Муж кубарем слетает по лестнице из аппаратной в студию. Она с пиджаком в руках за ним.
— Трансляцию на монитор дайте! — кричит муж.
Как же две минуты не досмотреть!
Муж падает в кресло, никак не попадая левой рукой в рукав пиджака. Гримерша, она же костюмерша, в студию еще не добежала, а виновата конечно же она, жена, не так пиджак держит.
Картинка с Уэмбли на боковом мониторе. Эйсебио начинает последнюю в основное время атаку.
Минута.
Костюмерша, она же гримерша, отчаянно пудрит мужу мокрый лоб. Не глядя. Все глаза на монитор с трансляцией.
— Эйсебио. Пас Марио Коллуна. Снова Эйсебио! Команда Глорио Отто атакует!
— Вставить! Вставить им за Анголу, за Мозамбик! — кричит сбежавший со своего места осветитель!
— Восемьдесят девятая минута основного времени. Фешта приближается к воротам Льва Яшина! Эйсебио! Не дают ударить.
Сигаретка в зубах гримерши впервые прогорает больше, чем наполовину, пепел падает на эфирный стол. Успеть бы сдуть.

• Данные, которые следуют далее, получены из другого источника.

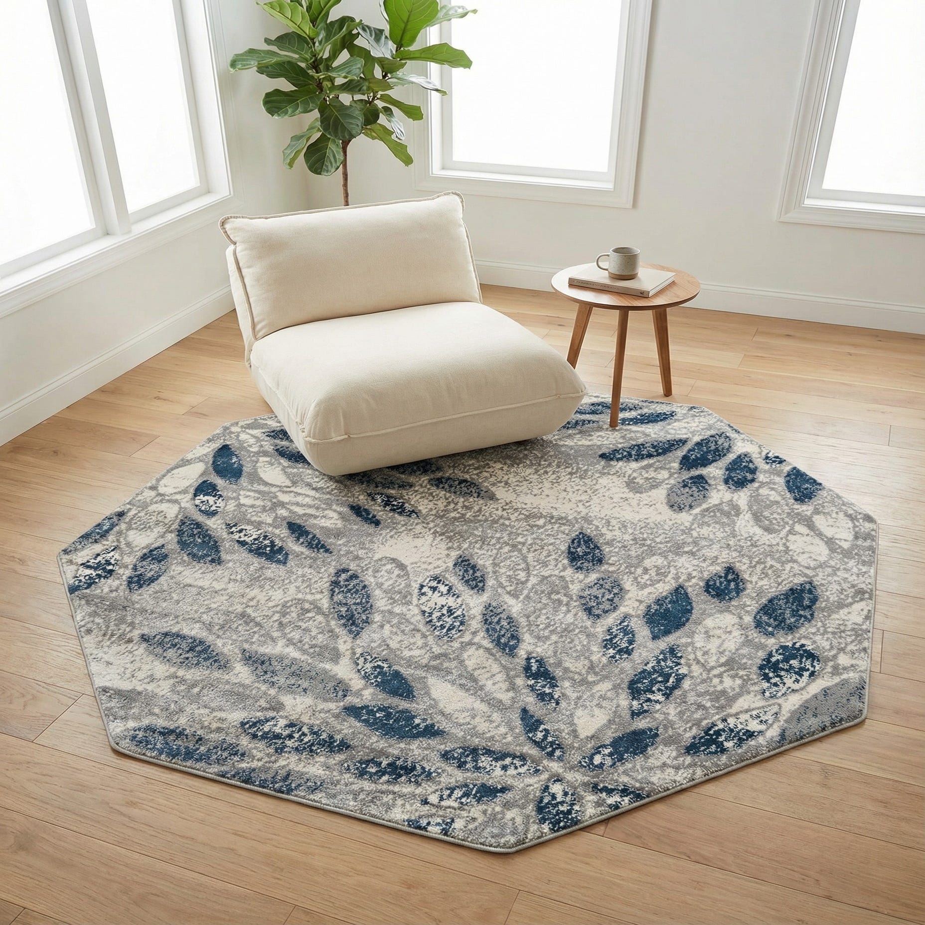 A soft gray field provides a neutral foundation for a loose, leaf-inspired pattern in ivory and navy blue. The navy shapes scatter in a gentle, radial arrangement that reads modern yet organic, while the ivory highlights add contrast and light. The octagonal silhouette gives the design a distinctive, finished look that complements both curved and angular furniture.

— Фешта! Пас на Жозе Аугушто Торриша… Гоооооооол!!!
— Гоооооол! Тооооориш!
Студия, в которой к монитору сбежались все, кто вынужден работать в такую минуту, набитая битком аппаратная, вся улица, весь город, вся страна, и все метрополии в долю секунды вскакивают! Как не вскочить!
Гол! 2:1.
Они бронзовые призеры! Португалия впервые выигрывает бронзу!
Оператор обхватил ее и кружит! Главред скачет, как первоклассник! Костюмерша висит на груди у мужа, пачкая своей красной помадой и сигаретным пеплом его эфирный пиджак — не прожгла бы! Муж выуживает из потайного кармана фляжку — откуда взял, перед матчем проверяла, а сейчас, когда пиджак несла, прощупать успела! — и залпом делает несколько больших глотков за победу!
— Сына моего будут звать Жозе Аугушто!!! Жозе Аугушто! В честь Торриша! — пятерней растрепывает только что причесанные волосы муж.
И только она, выбравшись из рук оператора, бежит обратно наверх в аппаратную, чтобы успеть за две минуты добавленного времени заменить нейтральный текст на победный, снова получить разрешительную печать службиста, распечатать для эфирной папки и положить ее на стол перед мужем.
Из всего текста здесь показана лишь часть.